The facts in that case, mutatis mutandis, are practically the same as in the case at bar, and the principles announced there are controlling 'here. It makes no difference that the government failed to have some of the property taken from the defendant’s dwelling admitted in evidence. It was before the jury and was discussed in its presence. Fisher was permitted over objection to testify to what the agents found. The government may not thus take advantage of its own wrong. Silverthorne Lumber Co. v. United States, supra. Nor does it avail that the prohibition agents did not break down the doors of defendant’s dwelling, nor force their way into it, but entered when the defendant was at police headquarters, and while the house was under surveillance of the policemen. Weeks v. United States, supra; Gouled v. United States, 255 U. S. 299, 41 Sup. Ct. 261, 65 L. Ed. 647.

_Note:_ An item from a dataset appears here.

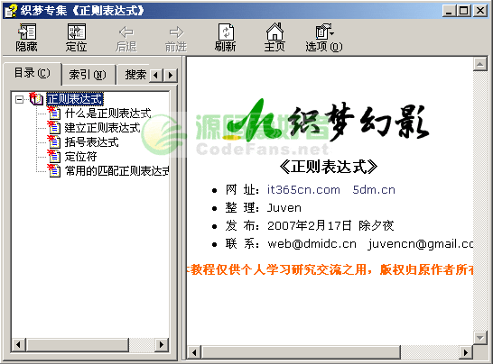 織夢幻影《正則表達式》專集教程,講述什么是正則表達式、如何建立正則表達式、括號表達式、字位符、如何核匹配正則表達式等。對于想學習的新手來說,這個小巧的CHM教程還是很適合你的。

Unlawful and unconstitutional practices get their first footing 'by silent approaches and slight deviations, under extenuating circumstances, from legal modes of procedure. To obviate these, constitutional provisions for the security of person and property must be liberally construed. The great end for which men entered into society and became parts of the social organism was to make their person and property secure. The right to this security is preserved sacred and incommunicable in all instances, except when taken away or abridged by some public law for the good of the whole. Entick v. Carrington and Three Other King’s Messengers, 19 Howell’s State Trials, 1029; Boyd v. United States, supra. This right is so sacred and fundamental that it was determined to implant it in out institutions in the fullness of its integrity by making it a part of the Constitution, free from the possibility of future legislative change. Bram v. United States, 168 U. S. 532, 18 Sup. Ct. 183, 42 L. Ed. 568; Weeks v. United States, supra. A man’s home is regarded in American and English law as his castle, and not to be invaded under any general authority to search and seize his property. Cooley’s Constitutional Limitations, pp. 425, 426; Lieber’s Civil Liberty and Self-Government, 62. It is therefore the duty of courts to be watchful for stealthy encroachments against the constitutional rights of citizens (Boyd v. United States, supra), and this watchfulness applies to the administration of the National Prohibition Act, just as to any other law.

*479For these reasons, the judgment of the District Court is reversed, and the case remanded for a new trial.

Judge BUFFINGTON took no part in the consideration or decision of this case.